The evolutionary history was inferred by using the Maximum Likelihood method based on the Tamura-Nei model [22]. The bootstrap consensus tree inferred from 500 replicates [45] is taken to represent the evolutionary history of the taxa analyzed [45]. Branches corresponding to partitions reproduced in less than 50 % bootstrap replicates are collapsed. The percentage of replicate trees in which the associated taxa clustered together in the bootstrap test (500 replicates) are shown next to the branches [45]. Initial tree(s) for the heuristic search were obtained automatically by applying Neighbor-Join and BioNJ algorithms to a matrix of pairwise distances estimated using the Maximum Composite Likelihood (MCL) approach, and then selecting the topology with superior log likelihood value. The analysis involved 26 nucleotide sequences. All positions containing gaps and missing data were eliminated. There were a total of 1271 positions in the final dataset. Evolutionary analyses were conducted in MEGA5 [21]. The type strains of all validly described species are included (NCBI accession numbers): G. caldoxylosilyticus ATCC700356T (AF067651), G. galactosidasius CF1BT (AM408559), G. jurassicus DS1T (FN428697), G. kaustophilus NCIMB8547T (X60618), G. lituanicus N-3T (AY044055), G. stearothermophilus R-35646T (FN428694), G. subterraneus 34T (AF276306), G. thermantarcticus DSM9572T (FR749957), G. thermocatenulatus BGSC93A1T (AY608935), G. thermodenitrificans R-35647T (FN538993), G. thermoglucosidasius BGSC95A1T (FN428685), G. thermoleovorans DSM5366T (Z26923), G. toebii BK-1T (FN428690), G. uzenensis UT (AF276304) and G. vulcani 3S-1T (AJ293805). Additional16S rRNA sequences of G. thermoleovorans strain NP54 (JN871595G. thermoleovorans strain NP33 (JQ343209), G. thermoleovorans strain LEH-1 (NR_036985), G. thermocatenulatus strain DSM 730 (NR_119305), G. vulcani 3S-1 (NR_025426), G. strain C56-T3 (NC_014206), G. strain GHH01 (NC_020210), G. strain C56-YS93 (CP002835), and G. strain G11MC16 (CP002835)
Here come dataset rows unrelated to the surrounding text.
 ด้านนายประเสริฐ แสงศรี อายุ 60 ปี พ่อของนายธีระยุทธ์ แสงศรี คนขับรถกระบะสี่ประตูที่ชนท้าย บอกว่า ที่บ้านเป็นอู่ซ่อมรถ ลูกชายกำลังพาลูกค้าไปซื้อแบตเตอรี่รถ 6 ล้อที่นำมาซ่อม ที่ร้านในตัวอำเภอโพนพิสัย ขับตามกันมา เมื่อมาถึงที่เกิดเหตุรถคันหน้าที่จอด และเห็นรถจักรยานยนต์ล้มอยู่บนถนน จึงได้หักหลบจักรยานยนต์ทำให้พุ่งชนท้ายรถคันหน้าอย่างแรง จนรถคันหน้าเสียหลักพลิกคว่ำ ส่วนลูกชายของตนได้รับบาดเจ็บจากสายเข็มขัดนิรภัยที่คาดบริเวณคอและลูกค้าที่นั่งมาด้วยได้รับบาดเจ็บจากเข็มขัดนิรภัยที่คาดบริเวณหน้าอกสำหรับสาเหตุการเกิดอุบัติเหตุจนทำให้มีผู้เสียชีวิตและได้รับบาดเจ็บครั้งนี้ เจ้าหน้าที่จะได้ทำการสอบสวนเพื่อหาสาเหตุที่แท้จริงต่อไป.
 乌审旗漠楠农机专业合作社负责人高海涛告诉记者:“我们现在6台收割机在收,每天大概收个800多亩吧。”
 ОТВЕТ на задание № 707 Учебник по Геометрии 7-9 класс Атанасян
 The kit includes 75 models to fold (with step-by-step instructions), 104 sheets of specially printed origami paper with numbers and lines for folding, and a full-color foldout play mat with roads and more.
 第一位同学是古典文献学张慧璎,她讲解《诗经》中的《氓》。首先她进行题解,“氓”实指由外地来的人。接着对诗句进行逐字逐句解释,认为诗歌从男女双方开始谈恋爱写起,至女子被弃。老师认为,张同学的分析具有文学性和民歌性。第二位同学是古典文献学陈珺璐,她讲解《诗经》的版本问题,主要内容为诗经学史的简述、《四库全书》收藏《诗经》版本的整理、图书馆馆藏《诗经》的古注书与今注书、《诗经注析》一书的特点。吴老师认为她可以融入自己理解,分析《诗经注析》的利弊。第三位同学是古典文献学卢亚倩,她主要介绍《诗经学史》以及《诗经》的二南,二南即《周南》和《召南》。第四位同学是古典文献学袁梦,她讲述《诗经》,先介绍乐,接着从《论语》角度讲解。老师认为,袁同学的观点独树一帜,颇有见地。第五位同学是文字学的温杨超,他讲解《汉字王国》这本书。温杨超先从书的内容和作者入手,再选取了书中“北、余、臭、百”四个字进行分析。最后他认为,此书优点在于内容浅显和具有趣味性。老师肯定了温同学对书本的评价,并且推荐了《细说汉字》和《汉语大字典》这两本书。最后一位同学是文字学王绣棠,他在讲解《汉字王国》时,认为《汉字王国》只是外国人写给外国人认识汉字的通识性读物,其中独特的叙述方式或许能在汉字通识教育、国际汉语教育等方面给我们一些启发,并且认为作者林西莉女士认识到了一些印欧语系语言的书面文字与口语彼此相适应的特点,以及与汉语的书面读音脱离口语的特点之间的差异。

Genome sequencing and annotation

Genome project history

Y412MC52 was selected for sequencing on the basis of its biotechnological potential as part of the U.S. Department of Energy Genomic Science program (formerly Genomics:GTL). The genome sequence is deposited in the Genomes On Line Database [23, 24] (GOLD ID = Gc01757), and in GenBank (NCBI Reference Sequence = CP002442.1). Sequencing, finishing and annotation were performed by the DOE Joint Genome Institute. A summary of the project information and its association with MIGS identifiers is shown in Table 2.

Table 2 Project information

Growth conditions and genomic DNA preparation

For preparation of genomic DNA, cultures of Y51MC23 were grown from a single colony in YTP-2 in 1000 ml medium in a 2000 ml Erlenmeyer flask at 70 °C, 200 rpm for 18 h. Cells were collected by centrifugation at 4 °C and stored frozen until used for DNA preparation. The cell concentrate was lysed using a combination of SDS and proteinase K, and genomic DNA was isolated using a phenol/chloroform extraction method [25]. The genomic DNA was precipitated, and treated with RNase to remove residual contaminating RNA.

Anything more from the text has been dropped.